Word for word, restate the listing; omit the pictures.
*** Opening of GIVEN MATERIAL ***
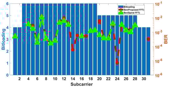 To assess the system performance under realistic operating conditions, in which adaptive modulation format is always employed to compensate for varying received optical power and system frequency roll-off, the BER of both the Spiral FFT and the proposed FFT is evaluated using an adaptive modulation scheme at a received optical power of −5 dBm. As shown in Figure 9, the proposed FFT and the Spiral FFT achieve nearly identical BER performance under adaptive modulation.
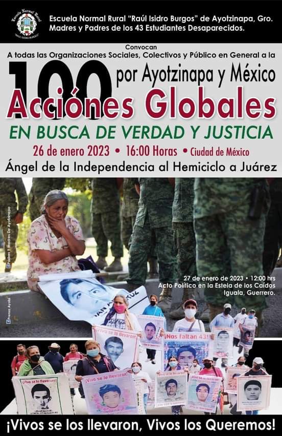 100 acciones globales por Ayotzinapa en busca de verdad y justicia, 26 enero 2023. Ángel de la Independencia al Hemiciclo a Juárez
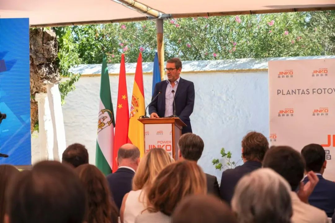 卡洛斯·加西亚·吉梅内斯介绍了安达卢西亚的产业发展与投资环境,他强调安达卢西亚是西班牙人口最多、经济总量前列、光伏资源最丰富的地区。而安特克拉项目是西班牙重点建设光伏项目,对推动西班牙当地绿色能源转型意义重大。未来,他期待在绿色能源领域与金年会科技深入交流、共商共赢,建立更加紧密的能源合作伙伴关系。
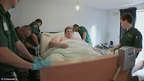 英国男子基思-马丁体重将近60石(381.02公斤),10年间一直无法离开他的住宅。要用8个人和一副超大担架才能移动他,而且这项工作只有专家组能够胜任。
*** Close of GIVEN MATERIAL ***
◆ EXERCISE RESULT
 To assess the system performance under realistic operating conditions, in which adaptive modulation format is always employed to compensate for varying received optical power and system frequency roll-off, the BER of both the Spiral FFT and the proposed FFT is evaluated using an adaptive modulation scheme at a received optical power of −5 dBm. As shown in Figure 9, the proposed FFT and the Spiral FFT achieve nearly identical BER performance under adaptive modulation.
 100 acciones globales por Ayotzinapa en busca de verdad y justicia, 26 enero 2023. Ángel de la Independencia al Hemiciclo a Juárez
 卡洛斯·加西亚·吉梅内斯介绍了安达卢西亚的产业发展与投资环境,他强调安达卢西亚是西班牙人口最多、经济总量前列、光伏资源最丰富的地区。而安特克拉项目是西班牙重点建设光伏项目,对推动西班牙当地绿色能源转型意义重大。未来,他期待在绿色能源领域与金年会科技深入交流、共商共赢,建立更加紧密的能源合作伙伴关系。
 英国男子基思-马丁体重将近60石(381.02公斤),10年间一直无法离开他的住宅。要用8个人和一副超大担架才能移动他,而且这项工作只有专家组能够胜任。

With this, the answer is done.